If the link count of the directory becomes 0 with this call, and if no other process has the directory open, then the space occupied by the directory is freed. If one or more processes have the directory open when the link count reaches 0, the last link is removed and the dot and dot-dot entries are removed before this function returns. Additionally, no new files can be created in the directory. The directory is not freed, however, until the last process closes it. (Even though some other process has the directory open, it can’t be doing much in the directory, as the directory had to be empty for the rmdir function to succeed.)

Reading Directories

Directories can be read by anyone who has access permission to read the directory. But only the kernel can write to a directory, to preserve file system sanity. Recall from Section 4.5 that the write permission bits and execute permission bits for a directory determine if we can create new files in the directory and remove files from the directory — they don’t specify if we can write to the directory itself.

The actual format of a directory depends on the UNIX System implementation and the design of the file system. Earlier systems, such as Version 7, had a simple structure: each directory entry was 16 bytes, with 14 bytes for the filename and 2 bytes for the i-node number. When longer filenames were added to 4.2BSD, each entry became variable length, which means that any program that reads a directory is now system dependent. To simplify the process of reading a directory, a set of directory routines were developed and are part of POSIX.1. Many implementations prevent applications from using the read function to access the contents of directories, thereby further isolating applications from the implementation-specific details of directory formats.

#include <dirent.h>

DIR *opendir(const char *pathname);

DIR *fdopendir(int fd);

Both return: pointer if OK, NULL on error

struct dirent *readdir(DIR *dp);

Returns: pointer if OK, NULL at end of directory or error

void rewinddir(DIR *dp);
int closedir(DIR *dp);
Returns: 0 if OK, −1 on error

long telldir(DIR *dp);

Returns: current location in directory associated with dp

void seekdir(DIR *dp, long loc);

The fdopendir function first appeared in version 4 of the Single UNIX Specification. It provides a way to convert an open file descriptor into a DIR structure for use by the directory handling functions.

The telldir and seekdir functions are not part of the base POSIX.1 standard. They are included in the XSI option in the Single UNIX Specification, so all conforming UNIX System implementations are expected to provide them.

Recall our use of several of these functions in the program shown in Figure 1.3, our bare-bones implementation of the ls command.

The dirent structure defined in <dirent.h> is implementation dependent. Implementations define the structure to contain at least the following two members:

ino_td_ino;/* i-node number */
chard_name[];/* null-terminated filename */

The d_ino entry is not defined by POSIX.1, because it is an implementation feature, but it is defined as part of the XSI option in POSIX.1. POSIX.1 defines only the d_name entry in this structure.

Note that the size of the d_name entry isn’t specified, but it is guaranteed to hold at least NAME_MAX characters, not including the terminating null byte (recall Figure 2.15.) Since the filename is null terminated, however, it doesn’t matter how d_name is defined in the header, because the array size doesn’t indicate the length of the filename.

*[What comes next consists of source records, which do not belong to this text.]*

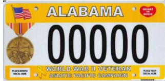
WWII Asiatic Campaign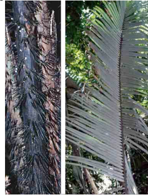
4 Astrocaryum (murumuru)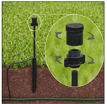
SQ Nozzle on Poly Flex Riser and Stake Assembly (PFR-RS)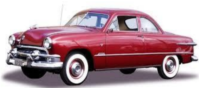
1951 Ford Club Coupe "shoe-box". (File copy)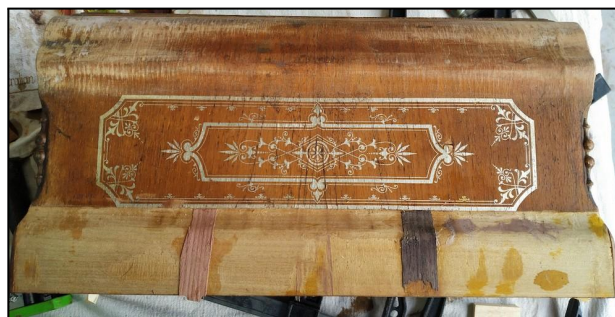
The painted pattern on one side of the cover

Martin used a flat piece of timber with quarter round beading to clamp the veneer to the cover. It required quite a few clamps to ensure that the veneer was evenly fixed onto the rounded part of the cover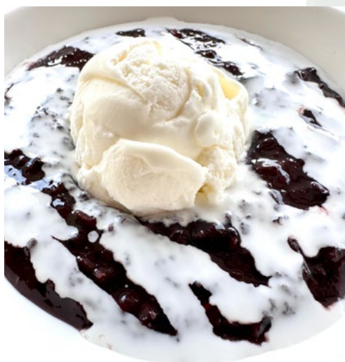
Cold Black Glutinous Rice with Coconut Ice Cream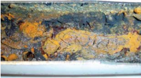
Figure 2. Discrete deposits on interior of steel pipe. These deposits are formed by microbes depositing materials from water and by the accumulation of corrosion products.

The DIR structure is an internal structure used by these seven functions to maintain information about the directory being read. The purpose of the DIR structure is similar to that of the FILE structure maintained by the standard I/O library, which we describe in Chapter 5.

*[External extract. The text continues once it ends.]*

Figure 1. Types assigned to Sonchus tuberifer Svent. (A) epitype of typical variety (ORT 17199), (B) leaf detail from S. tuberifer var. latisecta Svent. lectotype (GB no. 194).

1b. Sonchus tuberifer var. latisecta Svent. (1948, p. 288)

The pointer to a DIR structure returned by opendir and fdopendir is then used with the other five functions. The opendir function initializes things so that the first readdir returns the first entry in the directory. When the DIR structure is created by fdopendir, the first entry returned by readdir depends on the file offset associated with the file descriptor passed to fdopendir. Note that the ordering of entries within the directory is implementation dependent and is usually not alphabetical.

Example

We’ll use these directory routines to write a program that traverses a file hierarchy. The goal is to produce a count of the various types of files shown in Figure 4.4. The program shown in Figure 4.22 takes a single argument — the starting pathname—and recursively descends the hierarchy from that point. Solaris provides a function, ftw(3), that performs the actual traversal of the hierarchy, calling a user-defined function for each file. The problem with this function is that it calls the stat function for each file, which causes the program to follow symbolic links. For example, if we start at the root and have a symbolic link named /lib that points to /usr/lib, all the files in the directory /usr/lib are counted twice. To correct this problem, Solaris provides an additional function, nftw(3), with an option that stops it from following symbolic links. Although we could use nftw, we’ll write our own simple file walker to show the use of the directory routines.

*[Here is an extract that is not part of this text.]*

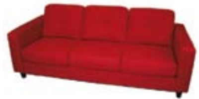
LG712 SOLO SOFA Black, Red 80"Wx35"Dx32"H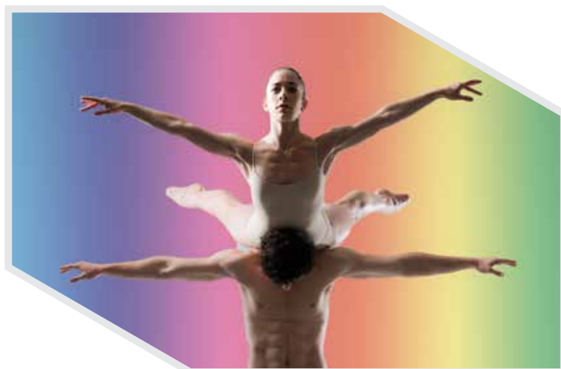
NEW ZEALAND SCHOOL OF DANCE.

In SUSv4, nftw is included as part of the XSI option. Implementations are included in FreeBSD 8.0, Linux 3.2.0, Mac OS X 10.6.8, and Solaris 10. (In SUSv4, the ftw function has been marked as obsolescent.) BSD-based systems have a different function, fts(3), that provides similar functionality. It is available in FreeBSD 8.0, Linux 3.2.0, and Mac OS X 10.6.8.

Figure 4.22 Recursively descend a directory hierarchy, counting file types

To illustrate the ftw and nftw functions, we have provided more generality in this program than needed. For example, the function myfunc always returns 0, even though the function that calls it is prepared to handle a nonzero return.

For additional information on descending through a file system and using this technique in many standard UNIX System commands—find, ls, tar, and so on — refer to Fowler, Korn, and Vo [1989].

chdir, fchdir, and getcwd Functions

Every process has a current working directory. This directory is where the search for all relative pathnames starts (i.e., with all pathnames that do not begin with a slash). When a user logs in to a UNIX system, the current working directory normally starts at the directory specified by the sixth field in the /etc/passwd file — the user ’s home directory. The current working directory is an attribute of a process; the home directory is an attribute of a login name.

We can change the current working directory of the calling process by calling the chdir or fchdir function.

#include <unistd.h>

int chdir(const char *pathname);

int fchdir(int fd);

Both return: 0 if OK, −1 on error

We can specify the new current working directory either as a pathname or through an open file descriptor.

Example

Because it is an attribute of a process, the current working directory cannot affect processes that invoke the process that executes the chdir. (We describe the relationship between processes in more detail in Chapter 8.) As a result, the program in Figure 4.23 doesn’t do what we might expect.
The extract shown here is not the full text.